Your goal:
Return each line below exactly as it reads, and omit any image in it.

Supplied information:
■ ■ ■ ■ ■
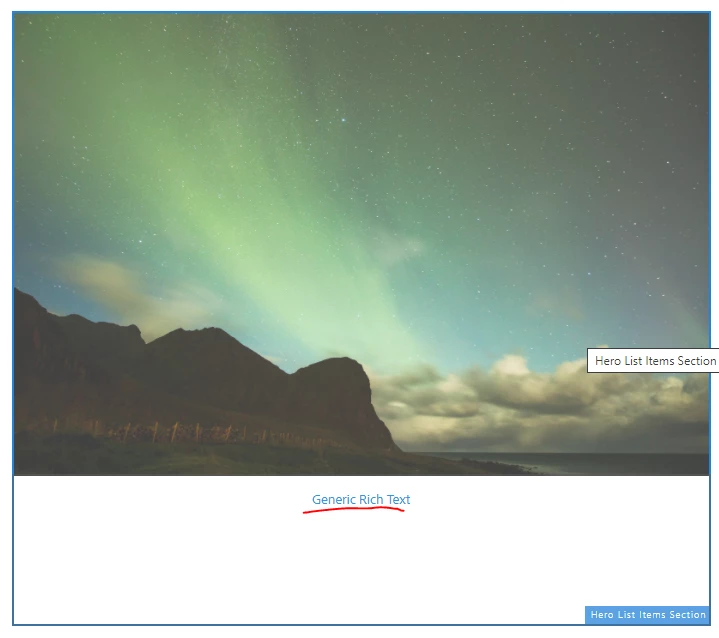 The code for adding RTE in the component looks like this: <div data-category="${properties.tiletype}" data-sly-test="${properties.includedes}" data-sly-resource="${'something' @ resourceType='/apps/foldername/components/content/genericrichtext'}"></div>
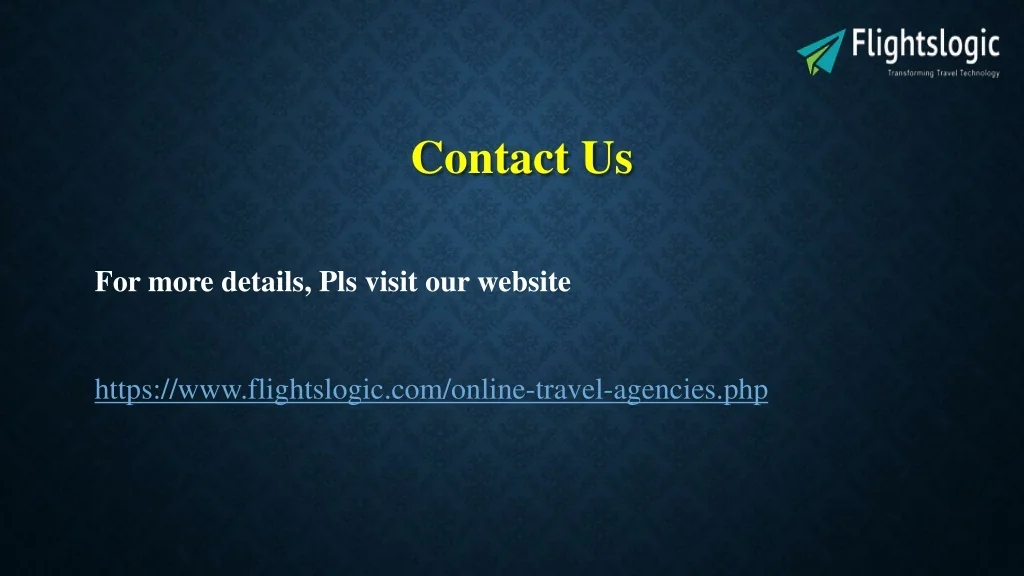 Contact Us For more details, Pls visit our website https://www.flightslogic.com/online-travel-agencies.php
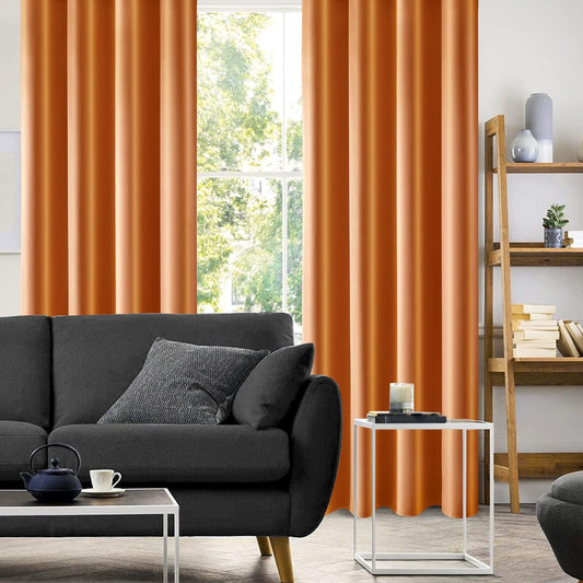 Set of 2 Faux Silk Blackout Drapes Curtains Orange
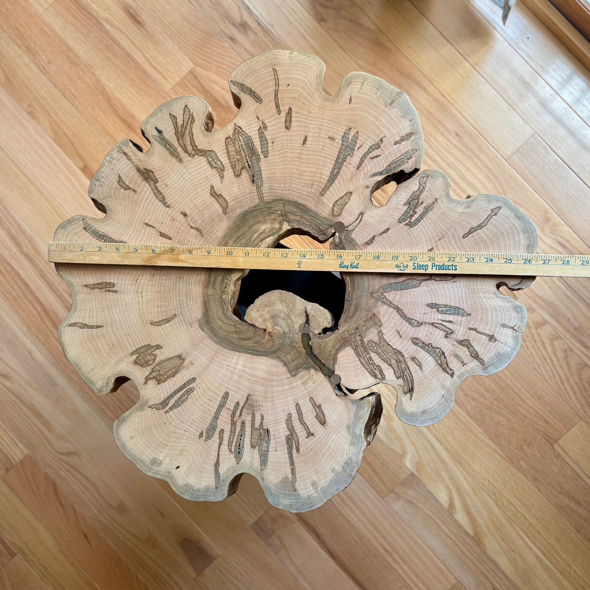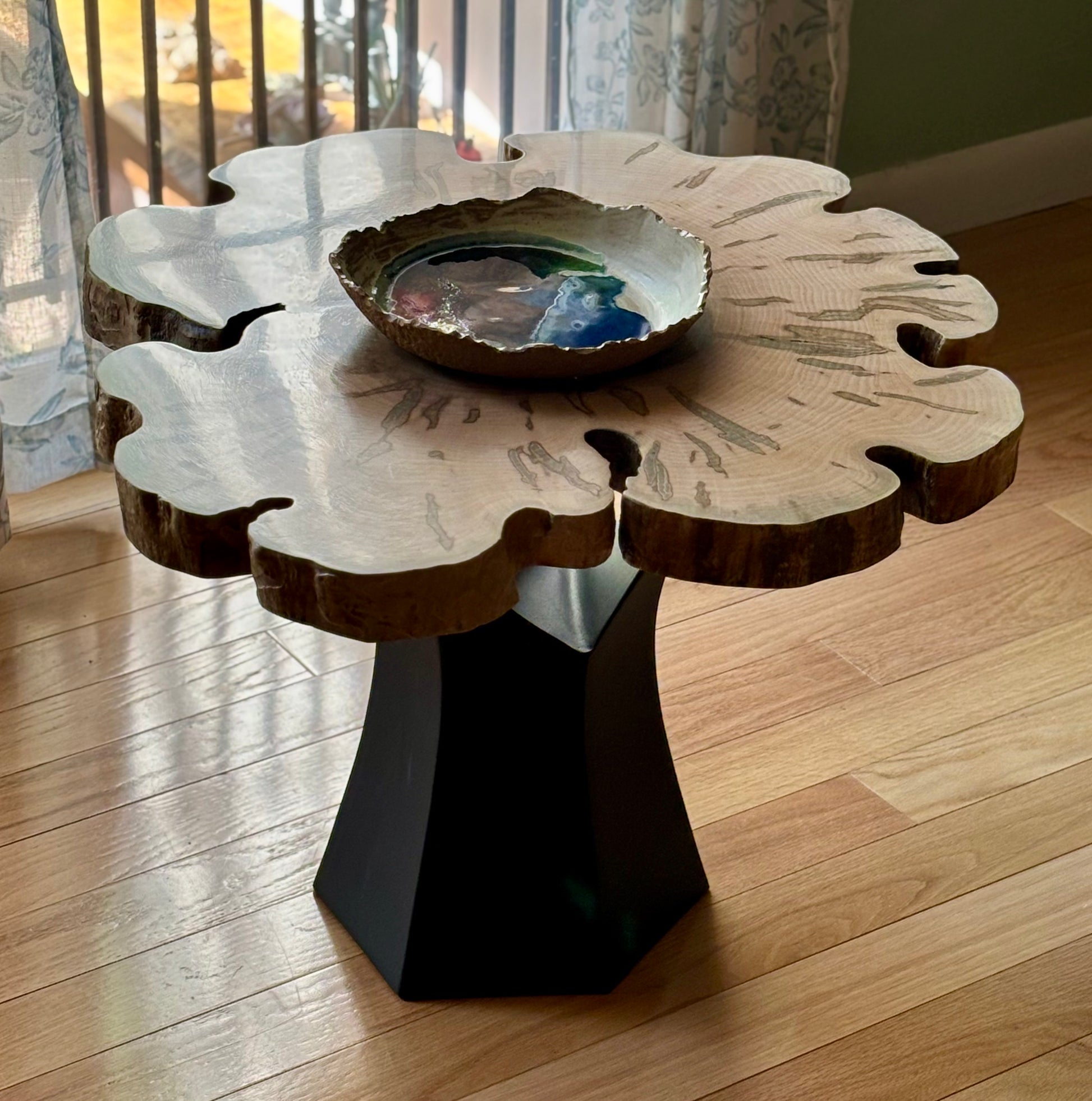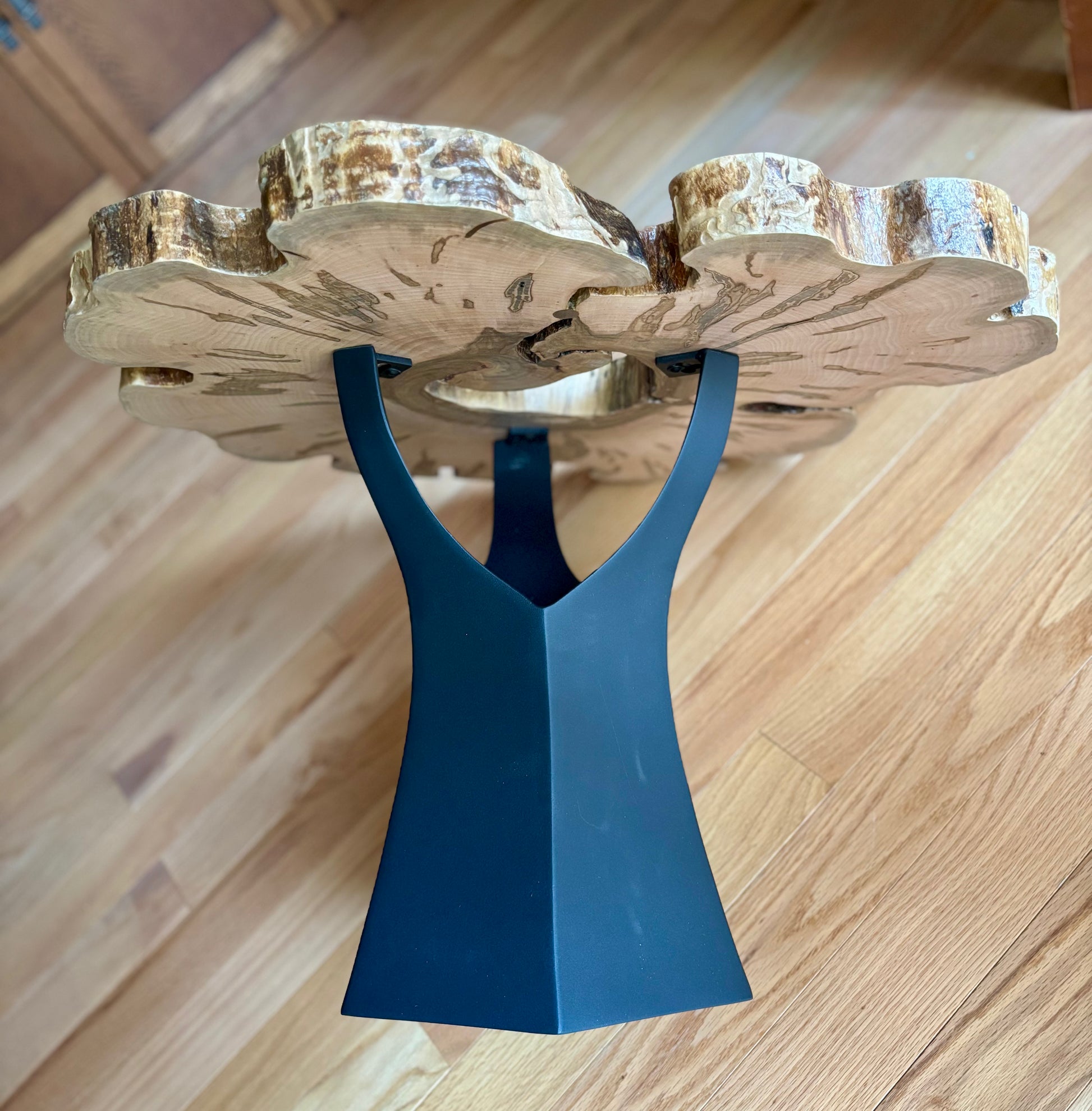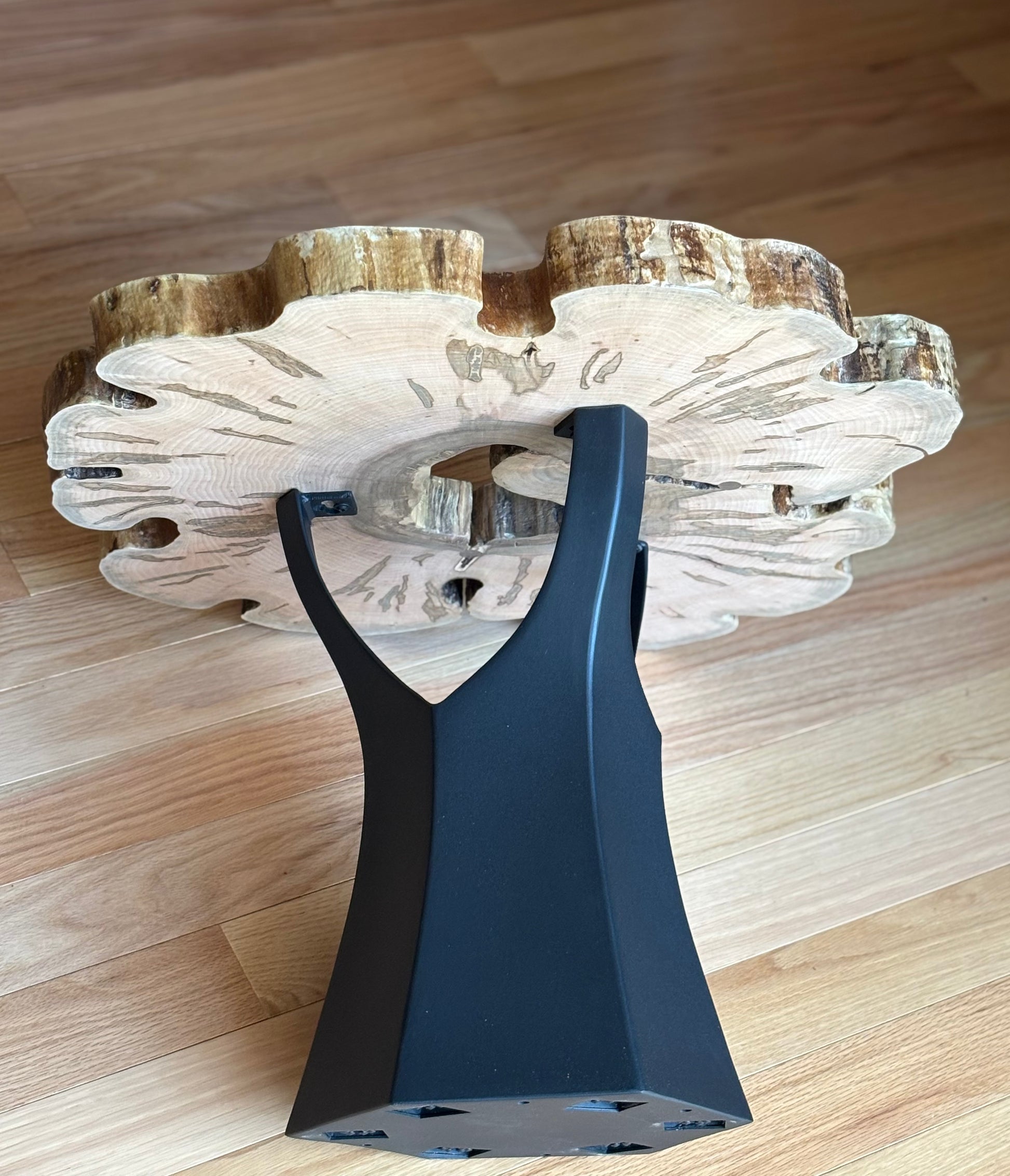 Handcrafted in Berlin, CT. this premium 2” thick hardwood maple slab, sourced from Plainville, CT, is engineered for dual functionality as both an occasional table and a charcuterie board. The surface is expertly buffed to a smooth, glossy finish and protected with a food-safe hybrid water-based urethane topcoat. Structural integrity is enhanced by walnut pegs reinforcing critical stress points. The slab is supported by a Namu-designed rust-resistant steel base featuring adjustable levelers for precise stability. Measuring 18” in height with an average diameter of 26”, this table exemplifies both craftsmanship and durability.
■ ■ ■ ■ ■
Answer section:
 The code for adding RTE in the component looks like this: <div data-category="${properties.tiletype}" data-sly-test="${properties.includedes}" data-sly-resource="${'something' @ resourceType='/apps/foldername/components/content/genericrichtext'}"></div>
 Contact Us For more details, Pls visit our website https://www.flightslogic.com/online-travel-agencies.php
 Set of 2 Faux Silk Blackout Drapes Curtains Orange
 Handcrafted in Berlin, CT. this premium 2” thick hardwood maple slab, sourced from Plainville, CT, is engineered for dual functionality as both an occasional table and a charcuterie board. The surface is expertly buffed to a smooth, glossy finish and protected with a food-safe hybrid water-based urethane topcoat. Structural integrity is enhanced by walnut pegs reinforcing critical stress points. The slab is supported by a Namu-designed rust-resistant steel base featuring adjustable levelers for precise stability. Measuring 18” in height with an average diameter of 26”, this table exemplifies both craftsmanship and durability.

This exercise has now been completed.